Our thirty-sixth issue of the Architects' Newsletter focuses on the topic of "streaming data pipelines, modern ETL, and data mesh". We believe that these topics span several phases of the diffusion of innovation curve. For example, in our latest Architecture and Design InfoQ Trends Report (April 2020), we have placed data mesh in the innovator phase, and event-driven architecture and streaming in the early majority phases.

The combination of potential disruption to the way data is handled and managed (e.g. product teams owning and exposing data via self-service mechanisms) alongside evolving stream-based data-wrangling approaches, we believe that understanding all the emerging patterns, antipatterns, and technologies related to these topics is therefore essential for a software architect.

News

LaunchDarkly's Evolution from Polling to Streaming

In a recent article, Dawn Parzych, developer advocate at LaunchDarkly, discussed how the company has evolved its customer-facing feature flag evaluation system from a polling-based architecture to one driven by streaming.

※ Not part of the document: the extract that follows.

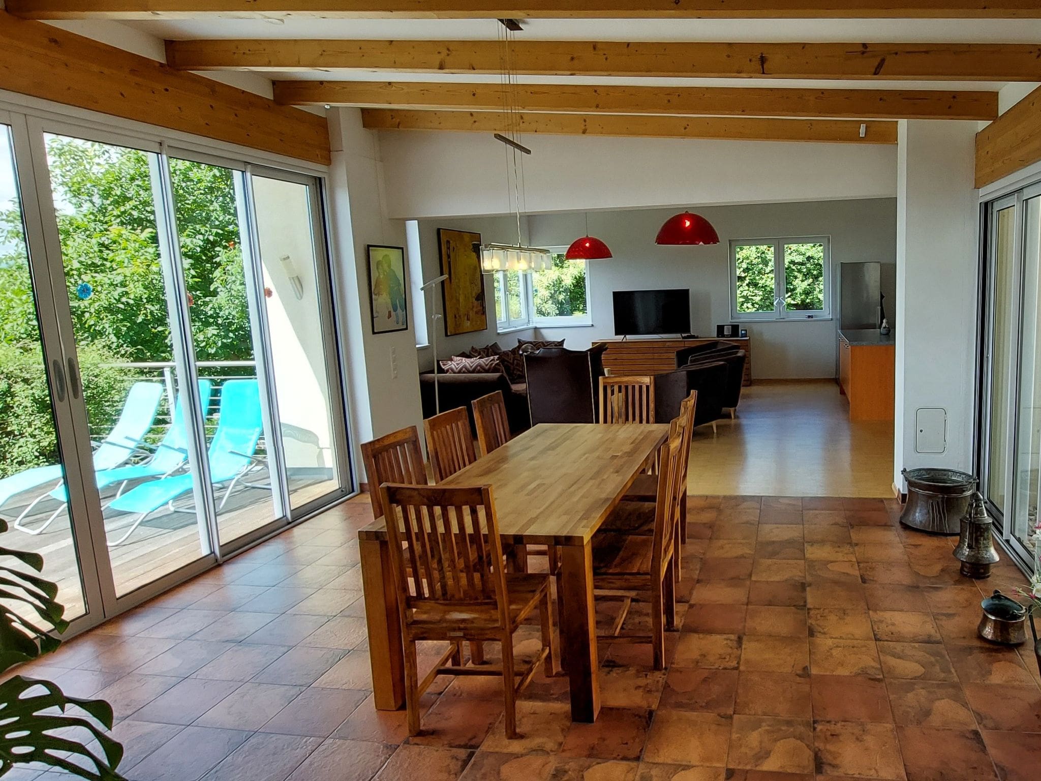 The outdoor spaces truly set this chalet apart, featuring a private 9×4-metre swimming pool available from June through mid-September, surrounded by manicured lawns perfect for sunbathing. Multiple south-facing terraces provide ideal spots for al fresco dining and entertaining, while the barbecue area creates perfect opportunities for memorable evening gatherings. The extensive grounds include a wildlife garden and orchard, offering guests a serene connection with nature.

The benefits to their end users included the increased speed of configuration changes "customers today see rapid updates when flags change with significantly less bandwidth consumption", and also other advantages, "the batteries on the mobile devices are extended as they no longer have to spend battery power on polling".

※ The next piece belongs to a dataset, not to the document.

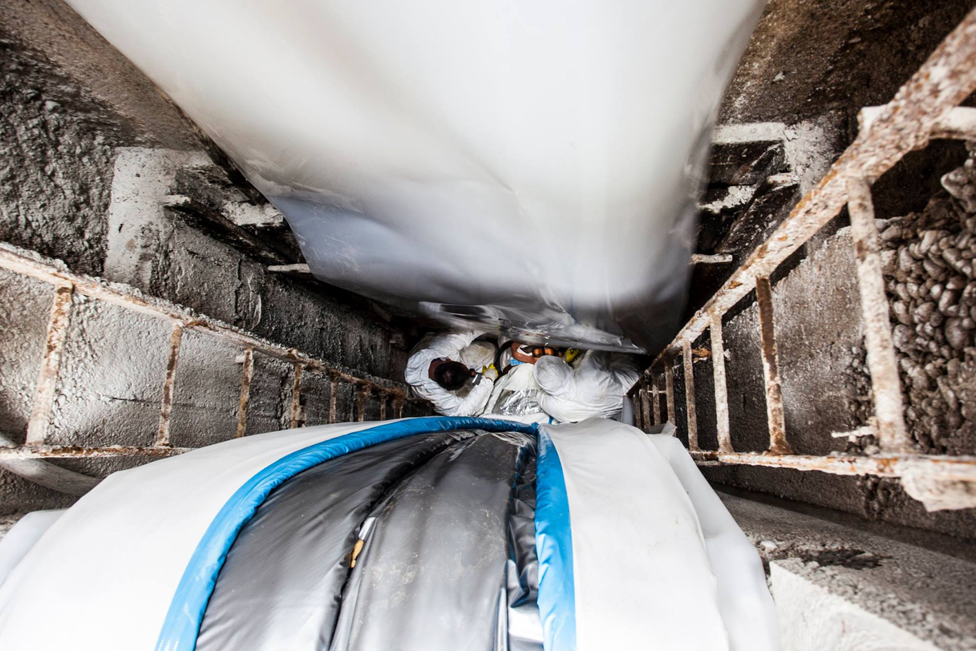 To ensure that no-one sank into mud in front of the shaft, teams from Brandenburger and AKWA heaped up minerals at the entrance on the first day of construction. The next steps were to smooth out sharp edges in the shafts with a power grinder, position the cable winches as well as the conveyor belt and finally draw in the foil over which the liner was to slide into the sewer.

Everything You Wanted to Know about Apache Kafka but Were Too Afraid to Ask!

In this presentation from Big Data Conference Vilnius, Ricardo Ferreira explained what Apache Kafka is, and how this fits into the concepts of distributed systems and stream processing. He also discussed several use cases and design patterns around the use of Kafka.

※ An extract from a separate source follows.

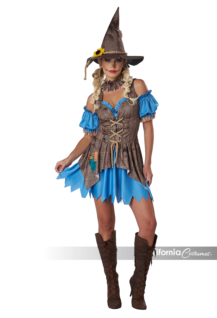 Product Description: Top is composed of a blue neckline inset that is attached burlap print fabric overtop/dress with lace up bodice. Blue underskirt has an elastic waistband. Pair of blue sleeve puffs are decorated with soft "hay" fabric trim. The sleeve puffs are worn with elastic arm bands. Collar is sewn onto an elastic band and is decorated with soft "hay" fabric trim. Hat is backed with foam and comes with a rope trim and fabric flower. Who knew straw could be this sassy? Turn the cornfield into a catwalk in this sexy scarecrow costume. The flirty top features an attached corset that hugs in all the right places, while the underskirt adds to your strut. Includes a set of detached sleeve puffs and a hat complete with a rope tie and a cute flower detail, this look is all charm, no crows!

A key takeaway from the talk was that Apache Kafka can be seen as a distributed streaming platform. Ferreira stated that engineers will never understand Kafka if they think of it as "just messaging"; messaging has no persistence, and like databases, "has scalability limits".

Amazon EventBridge Schema Registry Now Generally Available on AWS

Recently Amazon announced the general availability of the Schema Registry capability in the Amazon EventBridge service. With Amazon EventBridge Schema Registry, developers can store the event structure-or schema-in a shared central location and map those schemas to code for Java, Python, and Typescript, meaning that they can use events as objects in their code.

With this new feature, Amazon's EventBridge is now a competitive service in comparison with other cloud vendors that provide similar services. Microsoft offers EventGrid, which has been GA since the beginning of 2018 and received several updates including advanced filtering, retry policies, and support for CloudEvents. However, the service lacks a schema registry capability. Moreover, the same applies to Triggermesh's EveryBridge. This event bus can consume events from various sources, which developers can use to start serverless functions that are running on any of the major cloud providers as well as on-premises.

Boosting Apache Spark with GPUs and the RAPIDS Library

At the 2019 Spark AI Summit Europe conference, NVIDIA software engineers Thomas Graves and Miguel Martinez hosted a session on Accelerating Apache Spark by Several Orders of Magnitude with GPUs and RAPIDS Library. InfoQ recently talked with Jim Scott, head of developer relations at NVIDIA, to learn more about accelerating Apache Spark with GPUs and the RAPIDS library.

RAPIDS is a suite of open-source software libraries and APIs for executing end-to-end data science and analytics pipelines entirely on GPUs, allowing for a substantial speed up, particularly on large data sets. Built on top of NVIDIA CUDA, RAPIDS exposes GPU parallelism and high-bandwidth memory speed through user-friendly Python interfaces and a DataFrame API that integrates with a variety of machine-learning algorithms for end-to-end pipeline accelerations.

Case Study

Zhamak Dehghani on Data Mesh, Domain-Oriented Data, and Building Data Platforms

In a popular InfoQ podcast, the topic of "data mesh" was introduced by Zhamak Dehghani, principal consultant, member of the technical advisory board, and portfolio director at ThoughtWorks. Topics discussed included: the motivations for becoming a data-driven organization; the challenges of adapting legacy data platforms and ETL jobs; and how to design and build the next generation of data platforms using ideas from domain-driven design and product thinking, and modern platform principles such as self-service workflows.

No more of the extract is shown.